Bruno, muito obrigada por hoje. Até quarta-feira que vem e uma ótima noite para você. Até mais, gente. Boa noite e até semana que vem. Obrigada, Bruno. Até. Vera, uma outra coisa que veio à tona hoje, a partir dessa decisão, é que dessa turma, dessa quadrilha que estava no grupo turma, fazia parte também um policial federal aposentado, Marilson Roseno da Silva, que também foi preso hoje, junto com o Vorcaro,

o Fabiano Zé, que é o cunhado, e com o Felipe Mourão, o sicário. E ele era a ponte para que essa organização tivesse acesso a sistemas de instituições, entre elas a própria Polícia Federal. É, tem uma parte muito grave que vai sendo revelada ao longo do dia, que é que eles tiveram acesso a vários aspectos que eram sigilosos da investigação e isso permitiu que a defesa do Master se antecipasse,

e peticionar-se nos processos a partir de informações sigilosas obtidas de maneira ilegal. Tem também toda uma parte do relatório da PF que ainda está sigiloso, acho que a qualquer momento o ministro André vai acabar liberando a íntegra do pedido da PF, porque vários jornalistas já estão conseguindo com as suas próprias fontes, conseguindo em off, mas ele ainda está mantido em sigilo. Mas tem uma parte importante que mostra,

um círculo em que o organismo ali, Master, a organização criminosa, fornecia informações para alguns influenciadores ou até mesmo jornalistas e veículos de coisas que eram mantidas em sigilo para, a partir daí, peticionar no processo. Ou municiavam de informações, entre muitas aspas,

que recebiam dinheiro para até apontar erros do BC na liquidação do Master ou erros de outras instituições. Então, tem também todo esse aspecto dos vazamentos e do hackeamento de informações sigilosas que ainda tem de ser investigado e que é gravíssimo também, assim como tudo que a gente trouxe aqui ao longo do Viva Voz. E teve todas as atividades que ele manteve. A famosa certeza da impunidade, né, Vera?

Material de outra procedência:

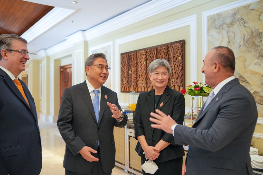 | ▲ South Korean Foreign Minister Park Jin (2nd from L) speaks with the foreign ministers from four other MIKTA members -- Mexico, Indonesia, Turkey and Australia -- in Bali on July 7, 2022, on the sidelines of the G-20 foreign ministerial meeting, in this photo provided by Park's office. (PHOTO NOT FOR SALE) (Yonhap) |

Muita denúncia. O Daniel Vorcar foi preso a primeira vez. E continuou tentando contratar influenciador. Para criticar o BC pela liquidação do Master. Eu estou aí atrás dessas datas. Porque a decisão do ministro André. Não traz quase nenhuma data. Para ver se no pedido da PF. Fica mais claro. Todo esse lapso temporal. Mas o que as reportagens estão deixando claro. É que sim. Mesmo depois da primeira prisão. Ele continuou com esse esquema. De tentativa de compra.

de apoios de influenciadores e de outros jornalistas, ou pseudo-jornalistas, porque não é jornalismo isso. E esse esquema continuou vigente, inclusive com pagamentos, etc. Então, realmente, muita ousadia. E a PF, quando pede a prisão e pede tudo, ela fala isso, que mesmo agentes da própria Polícia Federal corriam risco caso isso não fosse cortado, caso ele não fosse preso,

e esse esquema criminoso não fosse interrompido. Vera Magalhães, muitíssimo obrigada por nos ajudar a entender melhor toda essa complexa trama. Beijo e até amanhã. É, o trabalho continua porque nos próximos dias muitas das nossas incógnitas, das nossas interrogações devem ser esclarecidas. Vamos juntos. Ainda tem 90% de material de celular para ser analisado. É isso. Até mais, gente. Até.